-- Task to carry out --
Going down the data below, set down exactly the line with "Душевная собака отдыхает" and each line after it through the line with "Частка російських банків"; no other lines.
━━━━━ Provided records ━━━━━
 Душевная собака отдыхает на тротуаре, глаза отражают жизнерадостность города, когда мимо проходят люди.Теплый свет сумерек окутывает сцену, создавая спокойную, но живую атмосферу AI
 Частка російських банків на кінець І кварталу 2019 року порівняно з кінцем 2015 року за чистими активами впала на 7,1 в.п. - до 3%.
━━━━━
━━━━━ Provided records ━━━━━
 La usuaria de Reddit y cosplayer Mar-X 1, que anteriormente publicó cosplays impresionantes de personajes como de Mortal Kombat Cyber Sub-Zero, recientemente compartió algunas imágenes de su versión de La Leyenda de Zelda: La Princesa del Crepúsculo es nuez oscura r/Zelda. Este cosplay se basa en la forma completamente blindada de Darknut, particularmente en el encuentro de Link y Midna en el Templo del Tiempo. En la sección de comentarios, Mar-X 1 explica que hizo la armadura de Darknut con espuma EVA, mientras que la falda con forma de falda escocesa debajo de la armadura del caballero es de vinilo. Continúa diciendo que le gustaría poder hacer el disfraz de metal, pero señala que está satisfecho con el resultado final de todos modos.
━━━━━
━━━━━ Provided records ━━━━━
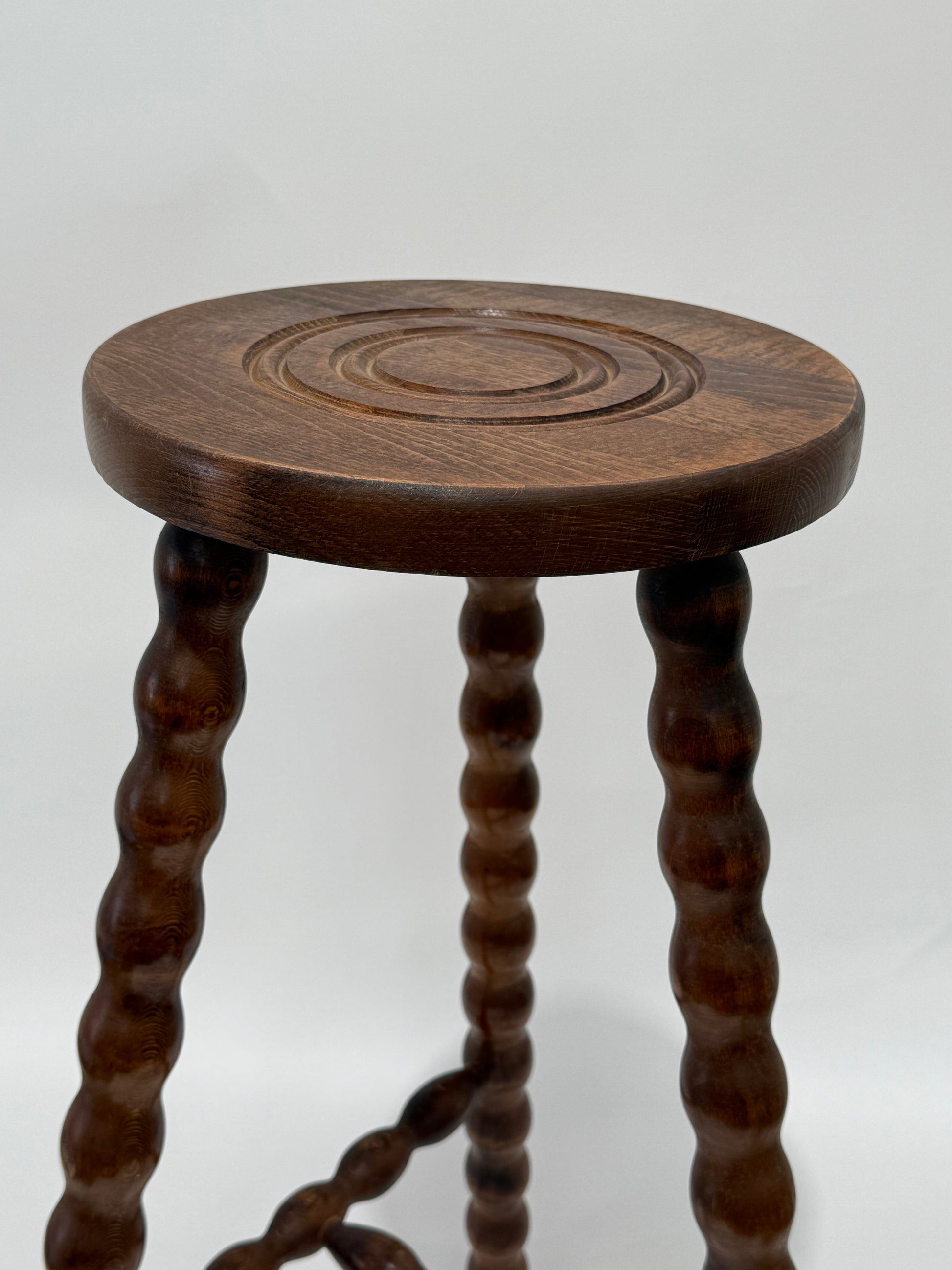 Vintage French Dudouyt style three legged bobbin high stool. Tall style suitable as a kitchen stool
━━━━━
-- Task solution --
 Душевная собака отдыхает на тротуаре, глаза отражают жизнерадостность города, когда мимо проходят люди.Теплый свет сумерек окутывает сцену, создавая спокойную, но живую атмосферу AI
 Частка російських банків на кінець І кварталу 2019 року порівняно з кінцем 2015 року за чистими активами впала на 7,1 в.п. - до 3%.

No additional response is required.